Miles de migrantes partieron hace hoy once días de San Pedro Sula, la segunda ciudad de Honduras, decididos a llegar a su destino: Estados Unidos.
Ni las penurias del camino, ni la represión policial, y menos las amenazas de Donald Trump logran disuadirlos.
Alcanzar su objetivo supone un recorrido entre 2,000 y 4,000 kilómetros, depende de la ruta que escojan para entrar a la nueva “tierra prometida”.
Maliciosamente se ha dicho que es un plan para favorecer un determinado objetivo político. No lo creo. Esta gente huye de la pobreza, del hambre, y de la violencia que azota a gran parte de los países centroamericanos.
No son delincuentes. Son hombres y mujeres que piensan encontrar en el norte lo que en sus países no logran: trabajo y dinero para tener una vida digna. Varios dejarán sus huesos en el camino.
Ellos forman parte de los 258 millones de migrantes de todo el mundo, el 3.4% de la población del planeta, que va de un sitio a otro por razones económicas, desastres naturales o guerras.
Es un error verlos como una pesada carga, porque los migrantes producen nada menos que el 9% del PIB global. Todos los países tienen algo que agradecer a los inmigrantes.

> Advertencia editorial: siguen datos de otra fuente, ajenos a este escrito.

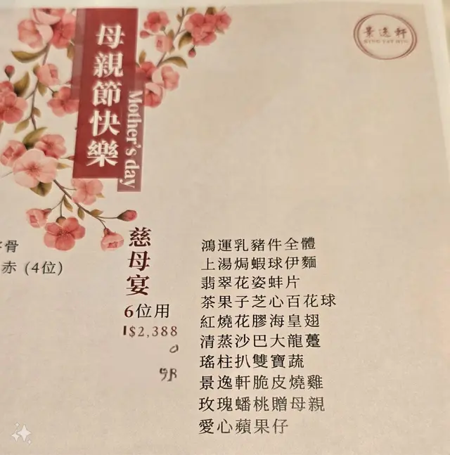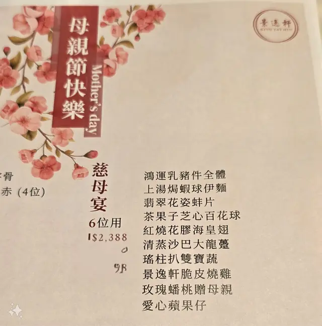 酒樓sale家中爸爸母親節餐 二千幾蚊個六人餐 食到一肚氣

Contrario a tantos otros que optaron por el narcotráfico, integrarse a las maras y cometer cualquier tipo de delito con tal de obtener dinero fácil y rápido, estos solo quieren trabajo, y eso no es delito.
Cuando partieron a pie desde Honduras eran 2,000 y ante los obstáculos algunos desistieron y regresaron a sus casas cargados de frustraciones, pero en la marcha se les unieron salvadoreños, guatemaltecos y ahora mexicanos.
Por razones económicas y humanitarias en el caso del éxodo centroamericano, como en cualquier otro, es necesario procurar que se haga lo más segura, regulada y ordenada posible.
La represión no es la respuesta.
La administración Trump anunció ayer represalias contra Honduras, El Salvador y Guatemala por no contener la marcha. Pero a los que van en esta caravana poco les importa lo que diga el rubio. Piensan que en su país, no vale la pena vivir.
Por cierto, este drama humanitario no ha merecido la atención de Luis Almagro y la OEA. Quizás porque no son venezolanos.